A ideia inicial de alguns financiadores para o longa, um remake do francês A Família Bélier, era dar a nomes famosos de Hollywood papéis de deficientes auditivos na produção. Isso só não aconteceu graças a insistência da atriz Marlee Matlin, surda desde os 18 meses de idade, que bateu o pé e disse que só participaria do filme se estes personagens fossem interpretados por atores e atrizes surdos na vida real. “Não consigo ver nenhum ator vestindo uma fantasia de surdo. Não somos mais fantasias para vestir. Estamos aqui e nossos talentos são válidos”, disse a atriz em entrevista ao USA Today.
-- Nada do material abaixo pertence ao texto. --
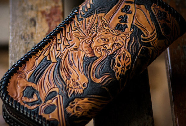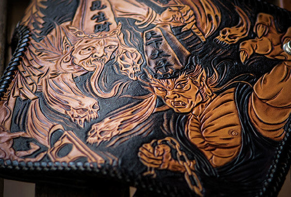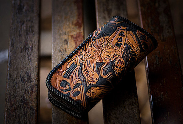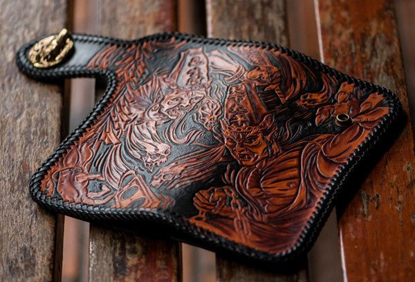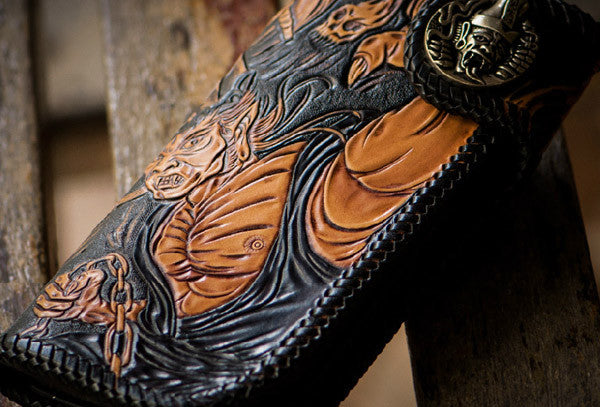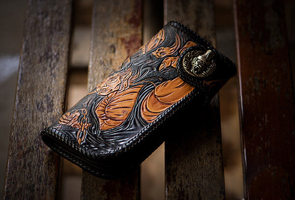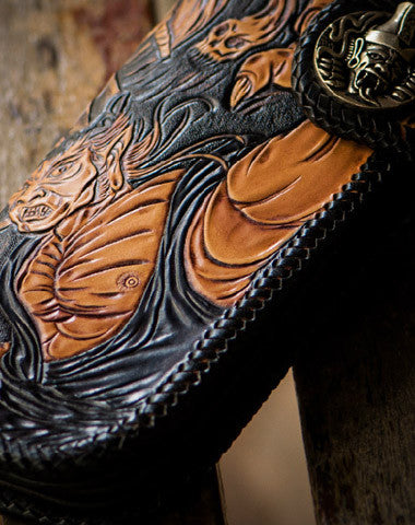This is handmade black brown coffee natural Italian Vegetable Tanned leather long Black and white variable carved biker wallet purse clutch for men.The wallet is bifold,color is black&a

Segundo uma pesquisa feita em 2019 pela Ruderman Family Foundation, instituição filantrópica privada que tem como um de seus objetivos promover a inclusão de pessoas com deficiência no mercado de trabalho dos Estados Unidos, 55% dos participantes do estudo com 16 anos ou mais preferem retratos autênticos de atores e atrizes com deficiência nas telas. Apesar das recentes produções que contemplam a comunidade — e do número expressivo de consumidores mostrado no relatório —, Hollywood ainda parece ter dificuldade em inclui-la nas discussões sobre diversidade: grande parte dos estudos voltados para a produção audiovisual não lista pessoas com deficiência na indústria.
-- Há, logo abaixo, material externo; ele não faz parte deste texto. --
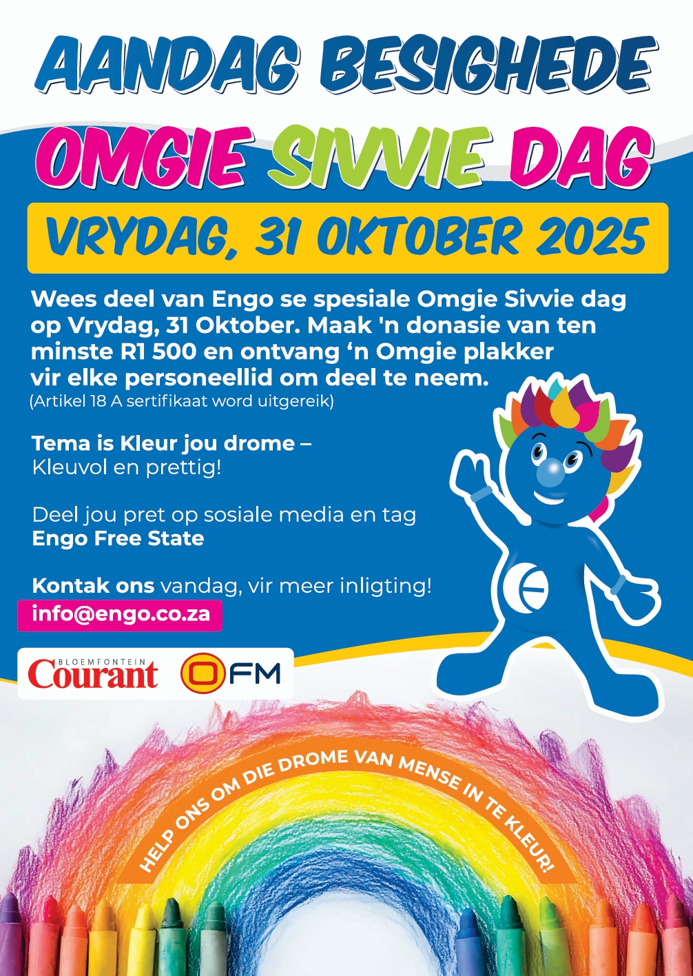 ENGO Vrystaat se Omgiedag vind op 31 Oktober plaas. Die tema vir 2025 is KLEUR JOU DROME, so maak gebruik van hierdie geleentheid om jou individualiteit te wys en die wêreld rondom jou op te helder.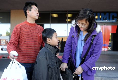 当地时间2月1日下午2时左右,遭遇车祸的吴守桂(左)、包瑞华(右)夫妇带着八岁的儿子吴双走出拉斯维加斯大学医疗中心(UMC),乘车前往酒店。吴守桂说,他们现在最大的心愿就是尽快回国,好好调整心理,继续疗伤。一月三十日下午,一辆载有中国游客的旅游车在美国亚历桑那州发生车祸,造成七死十伤。吴守桂称自己是不幸中的万幸,一家三口是所有乘客中伤势最轻的,夫妇俩昨天就出院了,今天八岁的儿子也顺利出院。中新社发 张炜 摄

No Ritmo do Coração foi um dos grandes vencedores do Festival de Sundance deste ano, abocanhando os prêmios de direção, melhor ficção americana e o prêmio do júri. Seguindo a mesma linha de excelência, O Som do Silêncio, apesar de não ter vencido grandes categorias no Oscar, provou seu potencial ao apresentar para o público a história de Ruben Stone (Riz Ahmed), baterista de uma banda de heavy metal que precisa lidar com a perda de audição e seus problemas com drogas. Ambos os filmes trabalham com dimensões que vão além de apenas representar pessoas surdas, tocando em assuntos diversos como família, aceitação e superação.
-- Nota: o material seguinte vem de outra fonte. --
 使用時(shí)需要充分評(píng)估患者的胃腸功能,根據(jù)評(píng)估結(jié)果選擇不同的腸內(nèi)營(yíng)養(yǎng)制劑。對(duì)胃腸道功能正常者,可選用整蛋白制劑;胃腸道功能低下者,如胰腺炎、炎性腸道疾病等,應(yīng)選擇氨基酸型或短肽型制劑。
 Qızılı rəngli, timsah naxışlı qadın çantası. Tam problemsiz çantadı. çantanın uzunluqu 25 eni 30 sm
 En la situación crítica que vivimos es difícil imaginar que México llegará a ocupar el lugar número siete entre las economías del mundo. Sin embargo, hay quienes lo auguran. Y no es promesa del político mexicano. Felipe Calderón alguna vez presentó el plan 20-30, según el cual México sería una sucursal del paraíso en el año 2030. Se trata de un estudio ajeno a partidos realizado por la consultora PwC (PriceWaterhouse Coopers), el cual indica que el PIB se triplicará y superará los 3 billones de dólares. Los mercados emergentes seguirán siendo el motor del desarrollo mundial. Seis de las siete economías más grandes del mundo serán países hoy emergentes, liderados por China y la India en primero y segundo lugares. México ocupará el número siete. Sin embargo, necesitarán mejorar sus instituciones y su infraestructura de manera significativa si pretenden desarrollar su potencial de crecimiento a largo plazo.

Porém, um dos grandes trunfos desta produção atual é conduzir o espectador, através de uma exemplar edição de som, pela experiência sensorial de uma pessoa que percebe o mundo de outra forma. Em 2018, o filme Um Lugar Silencioso abriu as portas para esse modelo, ao criar uma realidade em que o silêncio deve imperar para que seus protagonistas sobrevivam a criaturas alienígenas que atacam movidos pelo barulho. O longa, que ganhou uma continuação em 2021, Um Lugar Silencioso – Parte II, traz no elenco a jovem atriz surda Millicent Simmonds, que interpreta a filha mais velha de John Krasinski e Emily Blunt. Ali, todos se comunicam pela língua de sinais — e Millicent brilha entre os veteranos. “É uma atriz poderosa, que carrega o filme nas costas”, disse Blunt em entrevista, elogiando a americana, hoje com 18 anos de idade.